What you have to do: From the line containing "Элегантное объёмное колье" down to the line containing "#NSN: Antique. 30", copy out the entries below exactly, both lines included, and nothing else; pictures do not belong in the copy.

Source information:
============

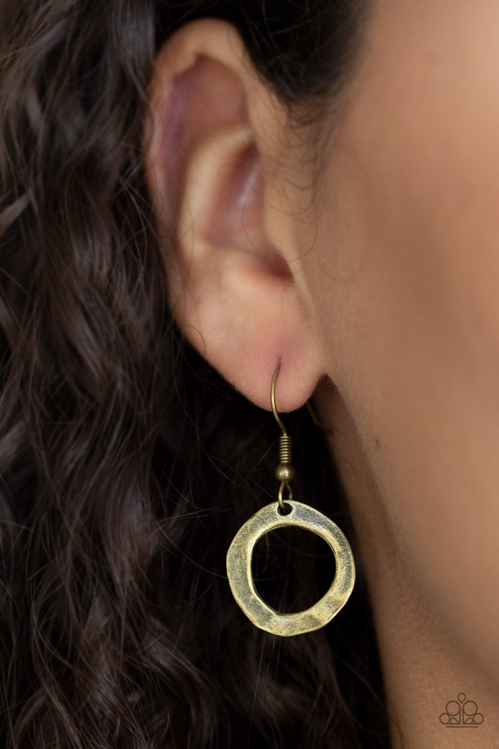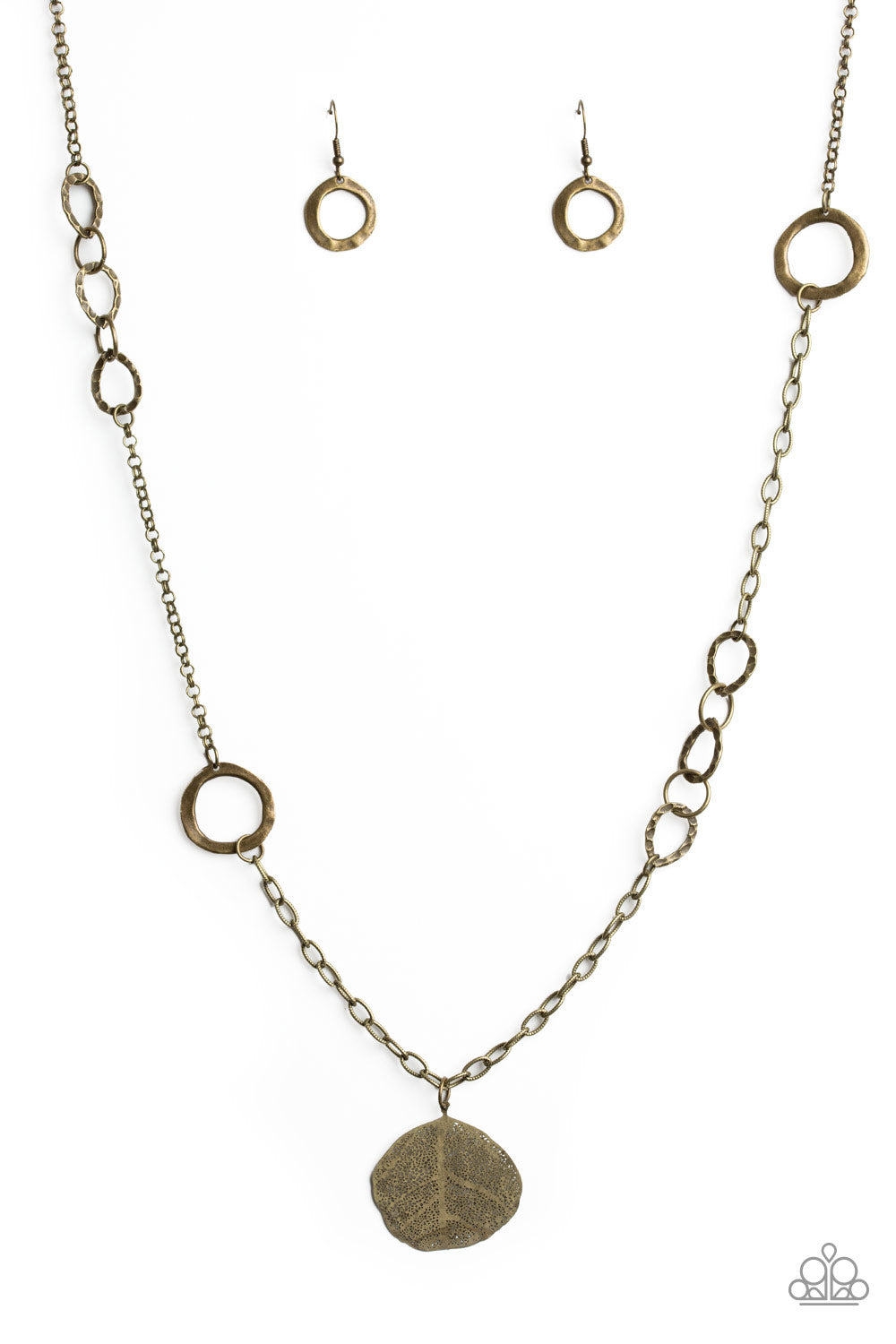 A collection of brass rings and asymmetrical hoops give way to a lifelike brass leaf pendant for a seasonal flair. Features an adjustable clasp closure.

============

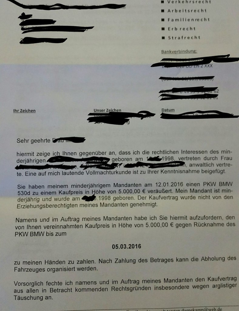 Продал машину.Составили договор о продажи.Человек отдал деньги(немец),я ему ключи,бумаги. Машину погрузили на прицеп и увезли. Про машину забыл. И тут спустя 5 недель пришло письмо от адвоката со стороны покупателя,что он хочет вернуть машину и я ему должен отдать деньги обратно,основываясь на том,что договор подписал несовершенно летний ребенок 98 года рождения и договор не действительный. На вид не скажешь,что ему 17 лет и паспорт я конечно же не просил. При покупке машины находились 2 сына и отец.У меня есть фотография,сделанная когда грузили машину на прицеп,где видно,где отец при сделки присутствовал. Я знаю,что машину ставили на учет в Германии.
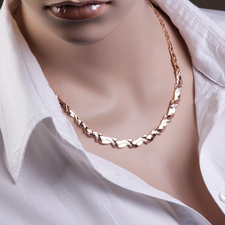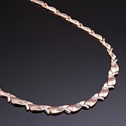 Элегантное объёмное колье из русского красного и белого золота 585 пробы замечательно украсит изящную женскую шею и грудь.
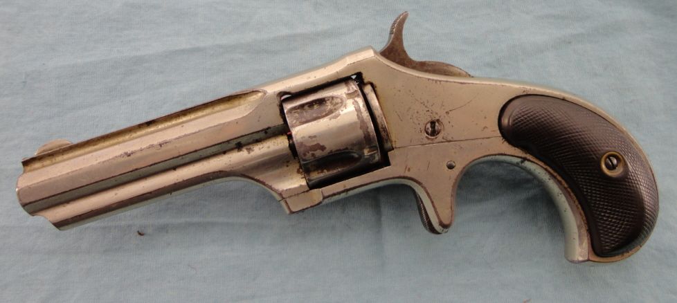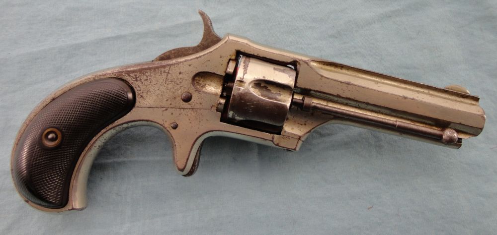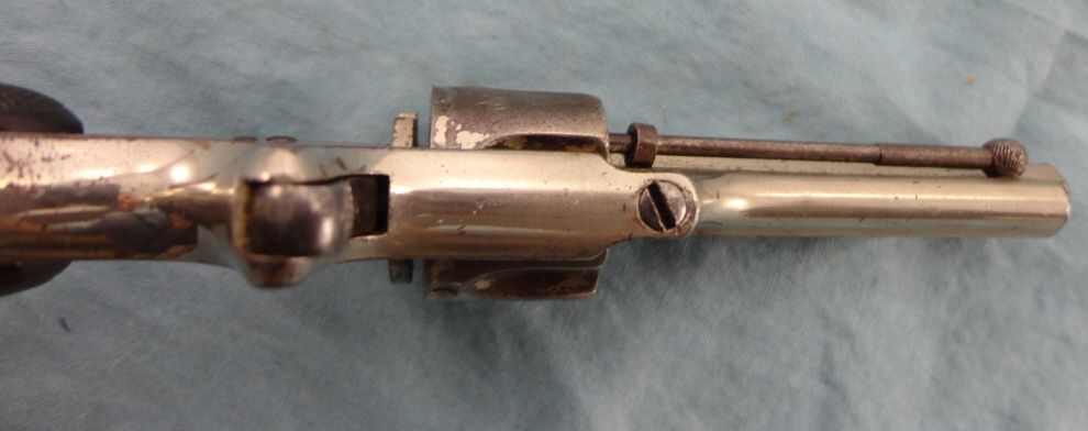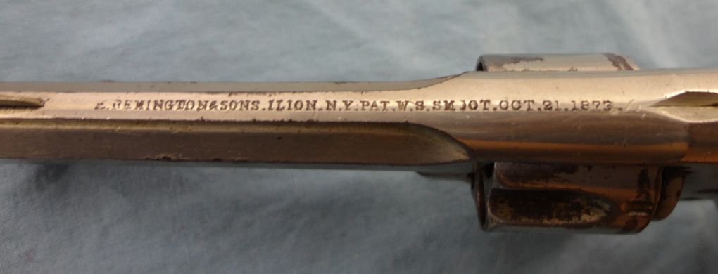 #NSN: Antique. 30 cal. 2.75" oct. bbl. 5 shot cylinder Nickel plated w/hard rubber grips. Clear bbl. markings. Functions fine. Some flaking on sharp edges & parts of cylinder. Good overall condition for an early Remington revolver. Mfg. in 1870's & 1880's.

============

Solution to this exercise:
 Элегантное объёмное колье из русского красного и белого золота 585 пробы замечательно украсит изящную женскую шею и грудь.
 #NSN: Antique. 30 cal. 2.75" oct. bbl. 5 shot cylinder Nickel plated w/hard rubber grips. Clear bbl. markings. Functions fine. Some flaking on sharp edges & parts of cylinder. Good overall condition for an early Remington revolver. Mfg. in 1870's & 1880's.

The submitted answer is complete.